Since his four terms in the Virginia House of Delegates starting in the early 1990s, Cantor has been part of the anti-tax wing of Virginia's Republican Party. His longtime advocacy for business and corporate interests in the General Assembly earned Cantor the derisive nickname "Overdog" from Democrats in Richmond.
Cantor is Jewish and is among Israel's most avid congressional supporters. His addition to the ticket could help the GOP win over Jewish votes this year. If McCain wins, Cantor would become the first Jewish vice president.
Cantor also would provide youth to the ticket as McCain turns 72 later this month.
Cantor could provide McCain with an important asset in Virginia, a state that last backed a Democrat for president in 1964 but which both parties are now targeting as a battleground.
That both McCain and Obama are considering Virginians as running mates underscores the importance of a conservative southern state in the back yard of Washington where Democrats have found success since 2001.
While the state's 13 electoral votes don't place Virginia among electoral giants such as California, Texas or Pennsylvania, picking off a state in the solidly Republican South could tip a close race to the Democrats.

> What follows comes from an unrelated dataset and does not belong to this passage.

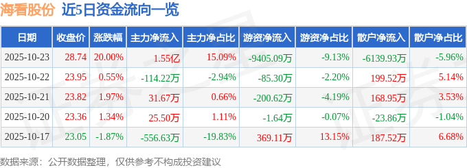 证券之星消息,海看股份10月23日涨停收盘,收盘价28.74元。该股于10点21分涨停,17次打开涨停,截止收盘封单资金为501.23万元,占其流通市值0.14%。

Virginia Gov. Timothy M. Kaine is personally close and ideologically in sync with Obama and has been mentioned as a possible running mate along with Sens. Evan Bayh of Indiana and Joe Biden of Delaware and Kansas Gov. Kathleen Sebelius.
Among others believed to be getting close looks from McCain: Minnesota Gov. Tim Pawlenty, former Massachusetts Gov. Mitt Romney and former Ohio Rep. Rob Portman for McCain.
Cantor's drawback is his obscurity despite his leadership position in the House.
He won his seat in Congress in 2000 from one of Virginia's most conservative House districts. No Democratic challenger has come close to defeating him since, including actor Ben Jones, who played the Cooter character on the "Dukes of Hazzard" television comedy series. He faces a longshot challenge this year from Anita Hartke, the daughter of former Democratic Sen. Vance Hartke of Indiana.